The electrolyte non-random two liquid (NRTL) for the calculation of liquid-phase properties and Redlich-Kwong (RK) equation of state was used for the vapor phase properties. N₂, O₂, CO₂, CO, and H₂ were chosen as Henry-components, and aqueous was taken as an activity coefficient for these components. All the chemical equilibrium and kinetic reactions were the same as in the built-in model of MDEA/PZ in Aspen [21,22]. In the built-in model, the equilibrium constants were computed from the standard Gibbs-free energy change.

2.3. Rich Vapor Compression Process (RVC) with Cold Solvent Split (CSS)

RVC is an advanced process modification technique consisting of additional equipment including compressor, pumps, and a flash vessel. Figure 1 depicts the RVC combined with the CSS process where the richout stream after exiting from the bottom of the absorber is split into two streams: one stream bypassing the heat exchanger and the other stream flowing directly into it. The bypassed stream is directed to the stripper top, where the vapors potential heat is recovered in the upward gaseous stream, which reduces both the condenser and reboiler duty, and this configuration is known as the CSS process. To generate extra vapors, the pressure of P1 is lower than stripper pressure.

The other stream, after passing through the heat exchanger, is fed into the flash vessel as shown in Figure 1. In the flash vessel, the stream is flashed to produce vapor and liquid streams. The liquid stream is passed through the P2 to increase its pressure and flows into the mid-section of the stripper. The vapor stream is passed through the compressor, where the stream is compressed, and its temperature and pressure rise and are fed into the bottom of the stripper. The RVC process is basically used to increase the thermal capacity of the stream passing through the heat exchanger by utilizing the latent heat of that stream, and as a result, the reboiler duty reduces.

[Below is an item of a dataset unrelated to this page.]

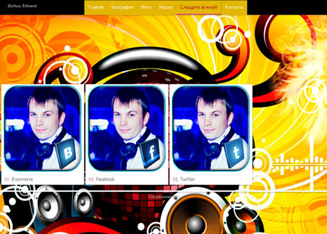 Личный сайт на технологии flash. Сайт визитка с фото и информацией.

2.4. Total Equivalent Work and Cost of the Main Equipment

As for the operation of compressors and pumps, electric energy is required, and for the reboiler, thermal energy is needed. Both energy types are very different from each other with respect to their qualities. Therefore, the thermal energy of the reboiler needs to be converted into equivalent thermodynamic work. For this purpose, Equation (1) has been used to obtain the total equivalent work.

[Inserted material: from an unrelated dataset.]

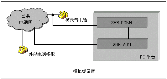 三匯公司的SHR系列監(jiān)控錄音卡可以實(shí)現(xiàn)對(duì)電話(huà)線(xiàn)路或其它信號(hào)源如話(huà)筒信號(hào)、對(duì)講機(jī)等進(jìn)行錄音。模擬線(xiàn)錄音采用高阻抗并線(xiàn)的方式,對(duì)被錄音對(duì)象無(wú)影響?梢詸z測(cè)電話(huà)線(xiàn)上直流電壓、DTMF號(hào)碼、FSK/DTMF CallerId等信號(hào)。采用配套的高阻復(fù)接盒,SHD系列數(shù)字中繼卡還能完成對(duì)數(shù)字中繼線(xiàn)的監(jiān)控錄音,并能分析線(xiàn)路上的信令,從而取得通話(huà)狀態(tài)和主被叫號(hào)碼。這兩種錄音系統(tǒng)的結(jié)構(gòu)如下圖:

$${\mathrm{W}}_{\mathrm{eq}}=\mathsf{\alpha }·{\mathrm{Q}}_{\mathrm{r}}+{\mathrm{W}}_{\mathrm{c}}+{\mathrm{W}}_{\mathrm{p}}$$

(1)

where ${\mathrm{Q}}_{\mathrm{r}}$, ${\mathrm{W}}_{\mathrm{c}},\mathrm{and}{\mathrm{W}}_{\mathrm{p}}$, are the reboiler’s, compressor’s, and pump’s work, and term $\mathsf{\alpha }$ is used for the turbine power loss. The term $\mathsf{\alpha }$ depends on the quality of the steam, and its value of 0.23 was obtained from the study of Bolland [23]. This value is for the case where the temperature of the steam must be in the range of 120–150 °C to heat the stripper. In this study, the stripper temperature lies in the above temperature range; therefore, a value of 0.23 has been used for $\mathsf{\alpha }$. The efficiency of the compressor and pumps were assumed to be 75%.

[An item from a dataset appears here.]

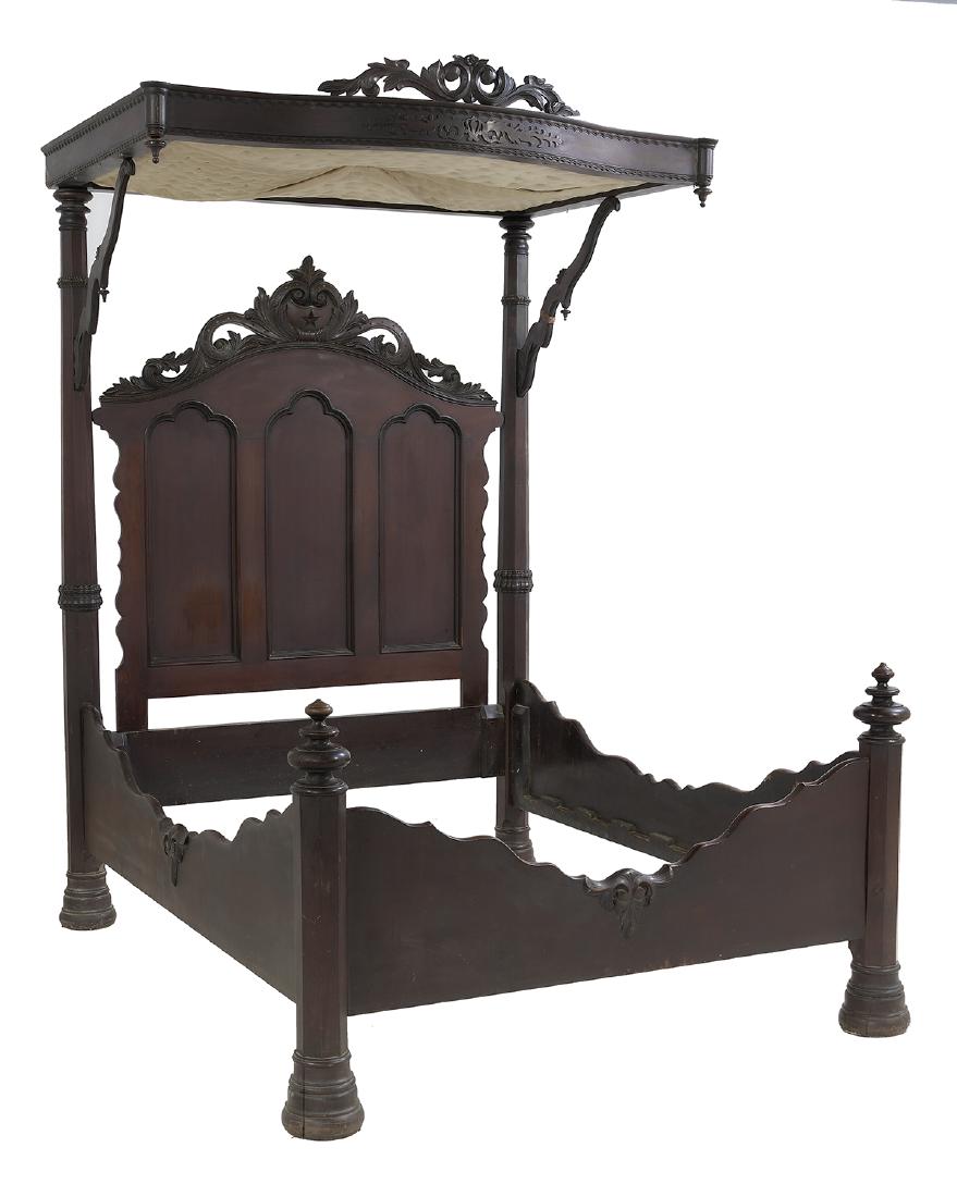 American Rococo Revival Walnut Half-Tester Bed

The capital costs of the main equipment were calculated with the help of Aspen Capital Cost Estimator (ACCE). ACCE (V10) using 1st Quarter 2016 pricing basis for the equipment cost calculation, and instead of a factor-based model it uses a very sophisticated model [24]. Carbon steel was considered for the equipment material.

3. Results and Discussion

The operating parameters used in the base case are listed in

Table 2. Base case operating parameters.

Simulation Parameters	Values
Absorber pressure (bar)	1.1
Absorbent flow rate (t/h)	3500
Absorbent temperature (°C)	40
MDEA/PZ concentration (wt.%)	45/5
Heat exchanger LMTD (°C)	10
Stripper pressure (bar)	2.1
Reboiler temperature (°C)	124.97

. In the base case, the reboiler duty of 3.6 MJ/kg CO₂ was obtained at CO₂ lean loading of 0.036 and solvent flow rate of 3500 t/h. In all cases, including the base one, CO₂ removal efficiency was kept at 90%.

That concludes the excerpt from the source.